Requirement ::
From top to bottom, return the listing exactly as it appears, omitting its images.

================

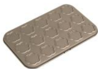
Flower Macaroon Cake Pan(Carbon Steel)
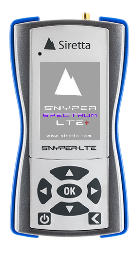
*Neither V1 nor V2 rmodels equire a SIM in order to function.

4G/LTE,3G/UMTS & 2G/GSM Network Signal Analyser with liveSCAN
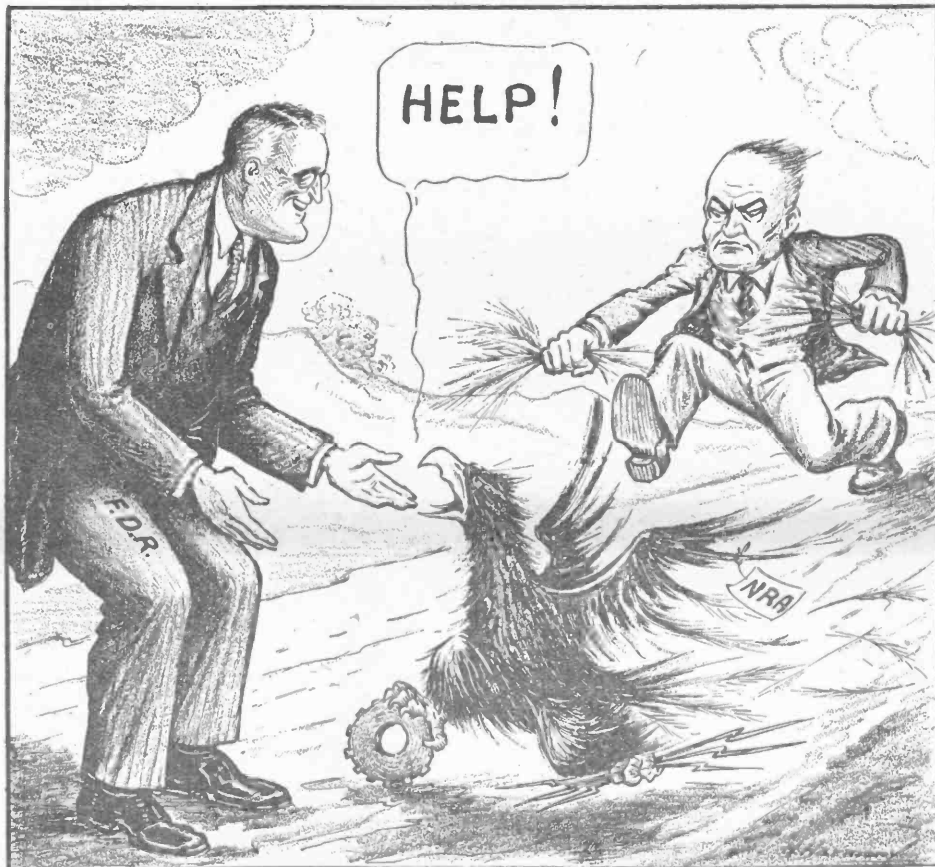
The Black And Blue Eagle

Circulation Manager. NOW, No. 34 Court Square, Boston, Massachusetts.

================

Written solution ::
Flower Macaroon Cake Pan(Carbon Steel)
*Neither V1 nor V2 rmodels equire a SIM in order to function.

4G/LTE,3G/UMTS & 2G/GSM Network Signal Analyser with liveSCAN
The Black And Blue Eagle

Circulation Manager. NOW, No. 34 Court Square, Boston, Massachusetts.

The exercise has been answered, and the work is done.